Research indicates that children are more sensitive to blue light, but they often spend as much, if not more, time on screens than adults. Sleep plays a pivotal role in cognitive development and academics, and screen time may be affecting your child’s sleep quality more than you realize.
Screen time as a predictor of sleep time
Research has proven that screen time is inversely related to sleep time- for adults and children alike. Studies have shown that:
- For every hour spent on a screen, sleep time was reduced by 16 minutes
- Mobile devices mobiles were more destructive for sleep quality compared to television
- TV was linked to less daytime sleep while mobile screen time was linked to less overall sleep
Researchers found that on average, every hour of tablet use reduced sleep duration by 26 minutes. Furthermore, watching more than 1 hour of TV in the evening decreased average sleep duration to under 11 hours (which is not normal for children).
Screen time as a predictor of sleep quality
Other studies revealed that screen time not only affects sleep quantity, but also quality. Children who frequently used screens were more likely to suffer from sleep anxiety, bedtime resistance, difficulty falling asleep, and ‘turning off’ their minds. Violent content can compound these issues by increasing nightmares and lowering sleep quality.

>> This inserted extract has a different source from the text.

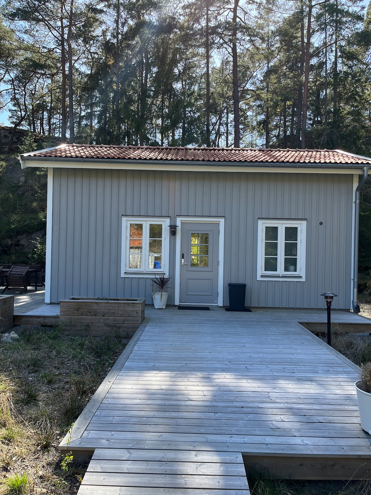 Slappna av i detta unika och lugna boende med utsikt som sträcker sig över hela askimsfjorden ända ut till Tistlarna. Här kan ni sitta och studera naturen, skärgården, höra måsarnas skri till morgonkaffet och gå ner och ta ett morgondopp det första ni gör. Barnen kan röra sig fritt i området då det inte finns någon direkt trafik, istället är det fina naturområden runt knuten. Här finns närheten till Göteborgs centrum(14min), stillheten och fina bad. Varmt välkomna till min gäststuga!

- More TV is associated with more disruptive sleep and more night wakings
- Less consolidated sleep is linked to lower sleep efficiency
- Children who were frequent screen users were also 4 times more likely to sleepwalk
Maintaining good sleep hygiene
Nighttime exposure to screens is particularly problematic for children because they’re still learning how to regulate emotions, so it is more difficult for them to settle down. Avoid screens one hour before bedtime and in the bedroom. Alternatively, don’t allow screen time after 7pm (around the time the sun sets); this helps to prevent exposure to artificial blue light that blocks melatonin production.